Cover Pan-fried fresh abalone, lobster oyster sauce, shiitake mushroom (Source: Tate Dining Room)

The food and drink happenings that you should know about this week

Public holiday after public holiday calls for nothing more than dining out to your heart's content. Take your pick from seasonal tasting menus honouring autumn's finest produce, or tuck into the Malaysian fare of a new food hall, or better yet, an all-you-can-drink sake sampling marathon for World Sake Day. Read on for more.

See also: Flash Coffee, A Tech-Enabled Coffee Chain, Touches Down In Hong Kong

Morel Of The Story

With the coming of autumn, Tate Dining Room celebrates that most autumnal of ingredients, the seasonal, freshly foraged mushroom, with the new Ode to Forest lunch menu. Served every Friday and Saturday until mid-December, the menu showcases chef Vicky Lau's playful approach towards produce of fungal nature over six courses featuring 14 different types of mushrooms.
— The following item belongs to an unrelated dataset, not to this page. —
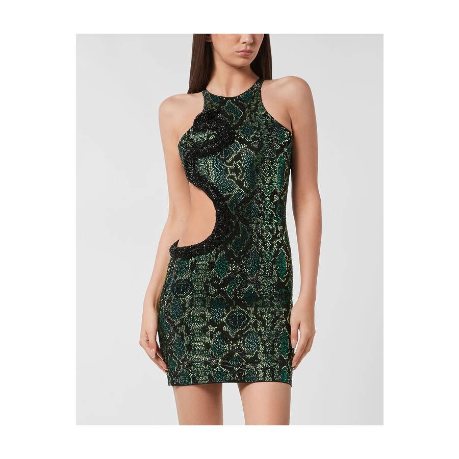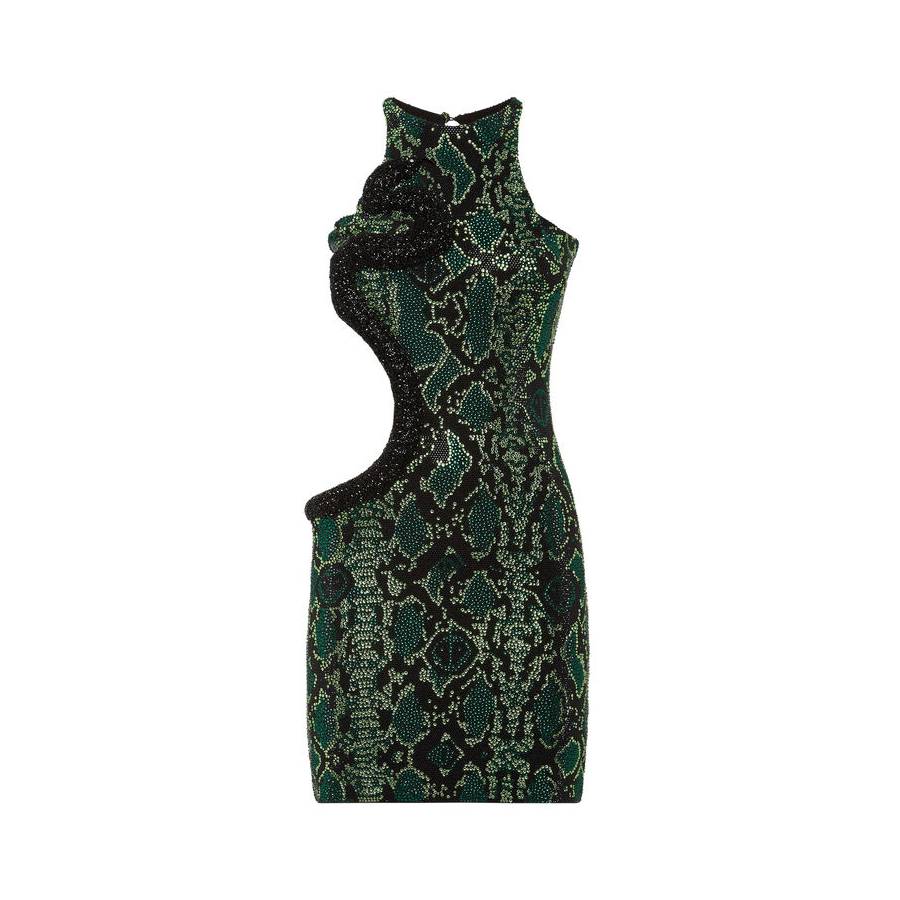 ● Rhinestone appliqués create a python skin pattern

These comprise dishes centred around different types of mushrooms, like the Ode to Ganba Fungus, a seaweed risotto with mussels and a prized Yunnan mushroom known as the 'dried beef mushroom' (due to its close resemblance); the Ode to Shiitake main dish, which pairs the familiar mushroom with pan-fried fresh abalone and lobster oyster sauce; and even a dessert course, the Ode to Morel, which features coffee mascarpone cream with banana compote, puff pastry, and morel caramel soy sauce.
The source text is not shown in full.